What happened was I split the domain of A into two parts, one where f(x) < c and one where f(x) >= c

Then I applied Chebychev's inequality to the part where f(x) >= c but I was confused as to why

\int\limits_{x in A s.t. f(x)>=c} \ <= (1/c) * \int\limits_E \

edit: don't think that worked...but the second integral is integrating over E and the first one is integrating over {x in A s.t. f(x)>=c}

4. May 23, 2013

### Office_Shredder

Staff Emeritus
Is this what you're trying for (feel free to quote this post to see how tex works)

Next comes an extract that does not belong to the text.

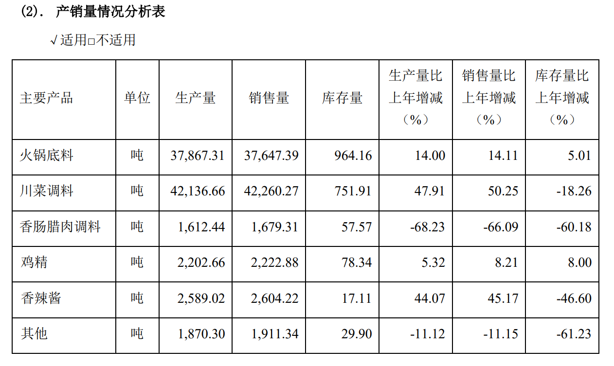 资料显示,天味食品主要从事川味复合调味料的研发、生产和销售,产品包括火锅底料、川菜调料、香肠腊肉调料、香辣酱等9大类100多个品种,同时公司还为国内连锁餐饮企业提供定制餐调产品。

$$\int_{x\in A, f(x)\geq c} f \leq \frac{1}{c} \int_{E} f$$

It's going to depend on the definition of A if it's actually true... I notice you mention a $\delta$ and an $\epsilon$ is there supposed to be some relationship between these numbers?

5. May 23, 2013

### micromass

Could you tell us which page or which number this theorem has?

6. May 23, 2013

### Gooolati

$$\int_{x\in A, f(x)\geq c} f \leq \frac{1}{c} \int_{E} f$$

Thanks for this !

Yes the m(A) < δ and it is saying that if you integrate over this set A (a measurable subset of E), that the value of the integral will be < ε

7. May 23, 2013

### Office_Shredder

Staff Emeritus
If there is no relationship between delta and epsilon, then you are attempting to prove that your integral has a value of zero....

8. May 23, 2013

### Gooolati

it is on page 92 of Real Analysis by Royden/Fitzpatrick, Fourth Edition. It is in Section 4.6 and it is Proposition 23.

9. May 23, 2013

### Gooolati

The proposition says that for every epsilon greater than zero, there is a delta greater than zero

sorry I should have included that

10. May 23, 2013

### Gooolati

So does anyone have any tips for me? I would appreciate it very much

11. May 24, 2013

### Office_Shredder

Staff Emeritus
I'm looking at a copy of the book and I don't see any integration being done where they split the set A up into two components in the proof of proposition 23

12. May 24, 2013

### Gooolati

Really? They are trying to bound the integral of f over A. What do they do after they split up A?

13. May 24, 2013

### Office_Shredder

Staff Emeritus
I'm confused by your posts because they never split A up, which makes it hard to answer the question. They have two different functions they're integrating over (which seems to be missing from your posts and is probably related to the confusion), but they never split up A

14. May 25, 2013

### Gooolati

So this is strange...

I looked up a copy of the book online, and the proof was entirely different than the copy I have. Something else to note, sometimes in my book when referring to previous propositions or theorems, rather than saying something like "By Theorem 25" it says "By Theorem (??)"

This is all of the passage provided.